Hopper took Billy in after Neil was arrested.
It was a nightmare, getting a call from El, who was trying so hard to be calm, and all Hopper could hear in the background was Max screaming, crying, telling someone to “please wake up, please!”
Walking into the Hargrove house to see El holding Max, them both huddled next to a crumpled body on the floor, bloody and barely breathing.
Hopper didn’t know Billy that well, but he knew what he was seeing. He crouched down and rolled Billy over, asked El what the hell happened, and when the only response he got was Max whispering “Neil,” he knew.
He called an ambulance, got Billy to the hospital, and promptly waited for Neil Hargrove to get back from wherever the fuck he went after almost beating his son to death.
That was three years ago. Billy had been 16, scared, angry, wild.

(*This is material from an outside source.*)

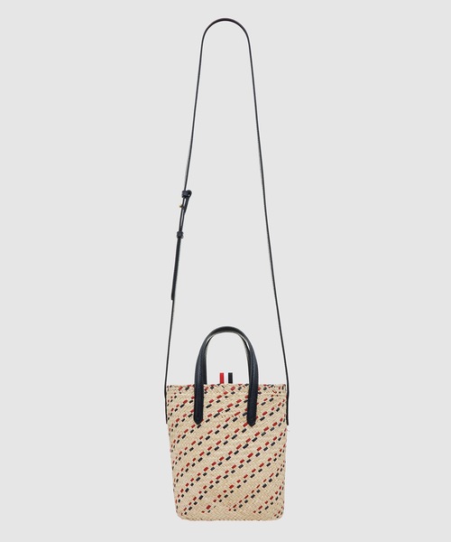 THOM BROWNEThom Browneは、挑戦的で近代的な今日のユニフォーム“スーツ“によって幅広く認知されている。伝統的なスーツのプロポーションを問うことにより、トムのデザインは質の高いクラフトマンシップと正確なテーラリングに根差した真のアメリカの感性を一貫して伝えている。2001 年に、トムはニューヨークのウェストビレッジにある小さな予約制のショップで、5 着のスーツからビジネスをスタートさせ、その後、数年でメンズ(2003年)とウィメンズ(2011年)のレディ・トゥ・ウェア及びアクセサリーコレクションをスタートするまでに至った。彼は挑発的かつ演劇的なテーマ、セットで世界的に注目を集めている非常にコンセプチュアルなランウェイプレゼンテーションでも知られている。トムは、CFDA Menswear Designer of the Year Award (2006 ,2013 ,2016年)、GQ Designer of the Year (2008年)、FIT Couture Council Award (2017年)、Cooper Hewitt National Design Award(2012年) をこれまでに受賞している。トムのデザインは、メトロポリタン美術館のCostume Institute、ニューヨーク近代美術館、ヴィクトリア・アンド・アルバート博物館、バースのコスチューム博物館、そしてアントワープのモード美術館をはじめとする世界中の美術館より評価されている。現在、300 店舗以上の主要百貨店をはじめ、40 カ国に渡るセレクトショップの他、ニューヨーク、ロンドン、ミラノ、東京、香港、北京、上海、韓国などの主要都市に計68店舗の直営店、旗艦店、ショップインショップを構えている。トリコロールカラーをデザインしたストロー素材のショルダーバッグ。

After he was released from the hospital Hopper had offered, mostly because Jane had that look in her eyes that said she knew more than she said, and surprisingly the teen boy had said yes.
So he moved in, his trashy band posters in his new tiny bedroom, more ashtrays added to the ones Hopper already had, and now Hopper had to not only deal with El wanting sleepovers and new clothes and trips to the mall, but also Billy blaring his music and rolling home at 3 am.
It wasn’t an easy transition, but they made it work. Billy would flinch every time Hopper so much as moved in his direction, would scream and shout at him, would knock over shit just to get a reaction, but he never did.
Then, one day, kind of similar to when the first autumn wind blows in, things had seemed to have changed.
El and Max were best friends. Billy didn’t mind driving them places. He stopped flinching when Hopper looked at him. Started talking more. Started bringing his own friends over.
Hopper had to reinstate the 3-inch rule whenever Steve Harrington came into the picture.
Three years, and he became part of Hopper’s little family, which by then had grown to include Joyce and her boys, and also, since Billy had taken a shining to him, Steve, who didn’t have much for parents, either.
Three years, and then Billy was 19 and leaving, back to California, to the sun and waves that he always talked about. Steve was already in the car, waiting, and Billy stood in front of Hopper, leaning his weight from foot to foot.
“Thanks,” he had said, blushing and looking down at his feet. He didn’t hug, still, and that was fine, Hopper knew.
He didn’t know if he would ever hear from the boy again, hoped he would, but the bittersweet tears sprang to his eyes as he watched the Camaro zoom away, because Billy was gone.
Two weeks later, Hopper was making breakfast with Joyce for the kids, when the phone rang. He groaned, already thinking of the bullshit work had for him now, and picked it up.
“Hey, Dad… we made it.”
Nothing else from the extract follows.